万緑

 いつもの山仲間でアポイ岳に登ってきた。馬の背までは一緒に歩いたがそこで思い思いのアポイを楽しむことになった。リーダーのYamaさんは念願のヒメチャマダラセセリを撮影するべく山の背に貼り付くという。Kudさんはアポイ固有種の植物を丹念に調べるべく八合目まであたりを集中的に探索するらしい。Kubさんは三年前の時登っているからとのんびりしながらゆっくり五合目まで先に降りているという。私と、アポイが初めてのTakeさんは頂上を目指した。

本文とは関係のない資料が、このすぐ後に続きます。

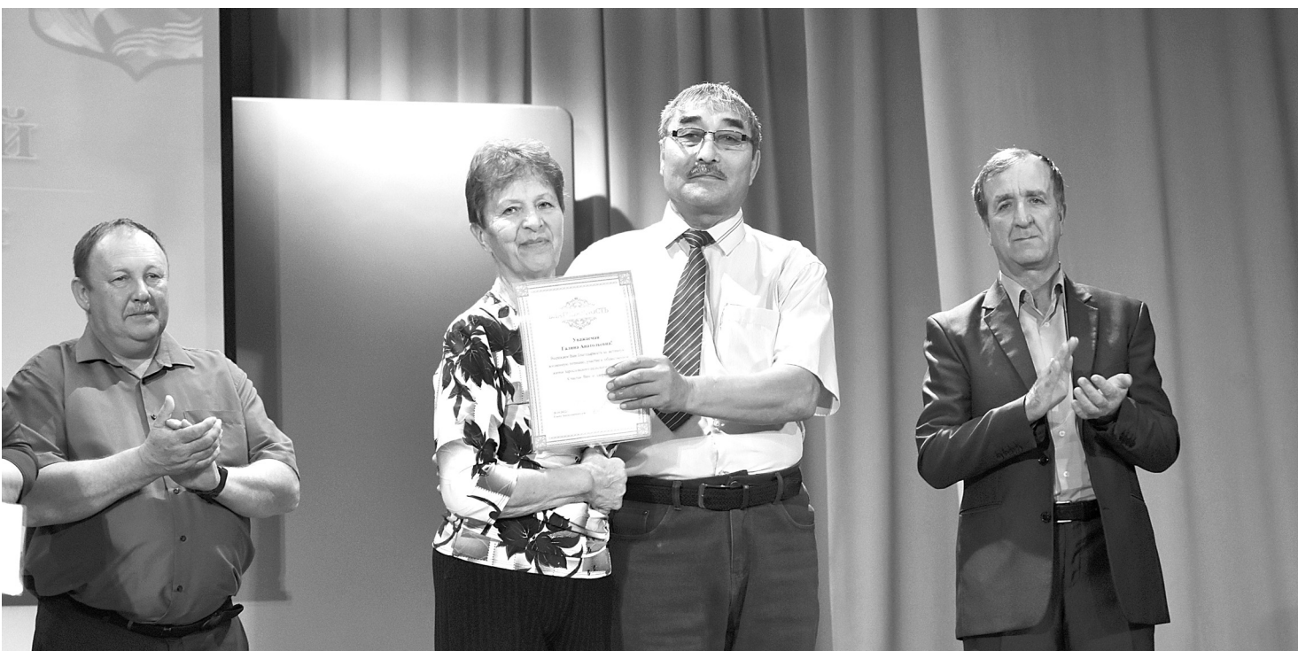
Главы сельских поселений отметили своих ветеранов за активность и неиссякаемую энергию и доброту

 イワザクラとエゾキスミレは見て行けよ。と宿題のように言われた花はちゃんとカメラに収め、八合目と九合目の中間位のところに差し掛かった時、岩の上に小さな子供用の片方の真っ赤な軍手が目に飛び込んできた。それは昔からそこに置かれていたように置かれていた。見覚えがあった。お父さんとお母さんと一緒に登っていた女の子の手袋だ。白いミニのワンピースに白いスパッツ、薄水色の帽子をかぶった就学前くらいの女の子がお父さんとお母さんの前を目印のようにその真っ赤な手袋を前後に振って歩いていた。二合目と三合目の中間、花撮りにうろうろしていたじじいたちの励ましも必要ないかのように追い越していった手袋だ。きっと幌満の方から降りるだろうから持って行ったって渡せるわけでもないので一度手に取ったがまた元の石の上に置いた。アポイの日に焼け土に焼けた黄土色の石の上でその赤い手袋は待つことを決めたように見えた。

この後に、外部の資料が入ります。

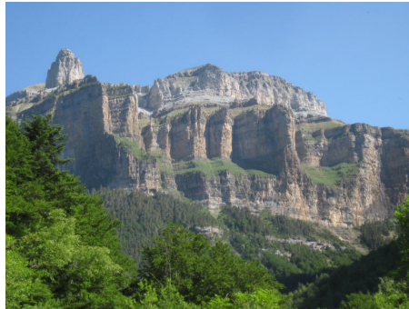
オルデサの大岩壁
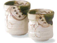
6-5-77 瀬戸 赤津焼 塩草窯 織部まどつる粗湯呑 ¥3,150 (18入) 高: 湯呑 (大)×1 / φ7.3×8.4cm 湯呑 (小)×1 / φ6.8×7.5cm 箱: 16×10.1×8.2cm 貼箱 (本体価格 ¥3,000)
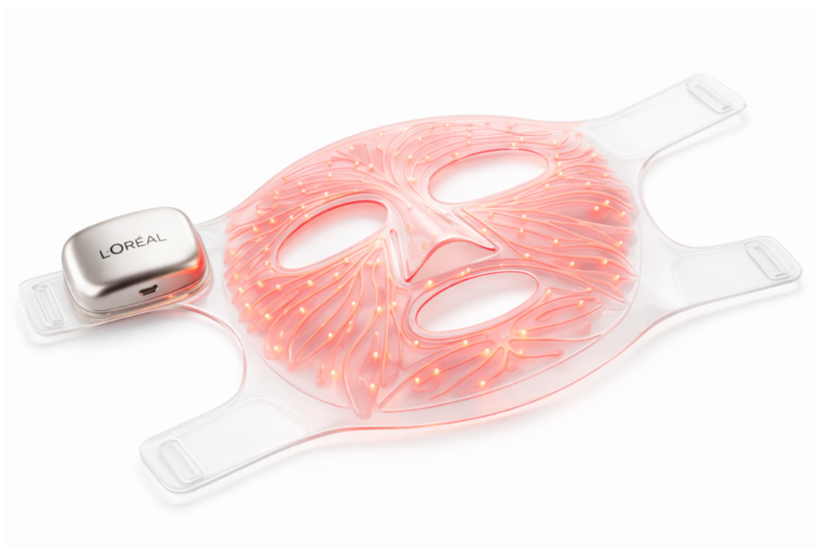
L'Oréal LED Face Mask.

Las Vegases toimunud messi järelkajana on jõudmas lettidele L'Oréali valgusetendus. On see ikka nii tõhus kui keemiaga möllamine või vana hea kurgimask? Tehnoloogiahuvilised võiksid siin kahelda. Aga tootja lubab, et sel on ikka mõju küll, eriti meie pimedas ja külmas kliimas.

 頂上に顔を出したら、Takeさんが「あーっいた!」と声を上げた。女の子がいた。お父さんが「手袋見ませんでしたか?」と言い「石の上にありました」と答えると「八合目より上でしたか?下でしたか?」と訊かれた。「八合目より上です。持ってこようかどうか迷ったけれど置いてきてしまいました」というと「いえ、これから降りますから取って帰ります」とお父さんは答えた。その間に女の子はもう降り口に向かおうとしていた。片手だけに赤い手袋をして。

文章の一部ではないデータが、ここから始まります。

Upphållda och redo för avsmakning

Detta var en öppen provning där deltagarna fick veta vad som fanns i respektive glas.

 親子がいなくなった山頂に桜が余花を咲かせていた。その下で昼にした。アポイの山頂は木立に囲まれて展望がよくない。そそくさと昼を終え、前回道のりが長いのに花が少なかった思いもあり私たちも幌満コースを嫌って登路を降りた。
 親子はもういなかったし、赤い手袋も無かった。そういえばあの子の声を聞かなかったなーと思った。お父さんお母さんに甘える様子もなかったなーと思った。あの子と真っ赤な手袋がとても似合って思い出された。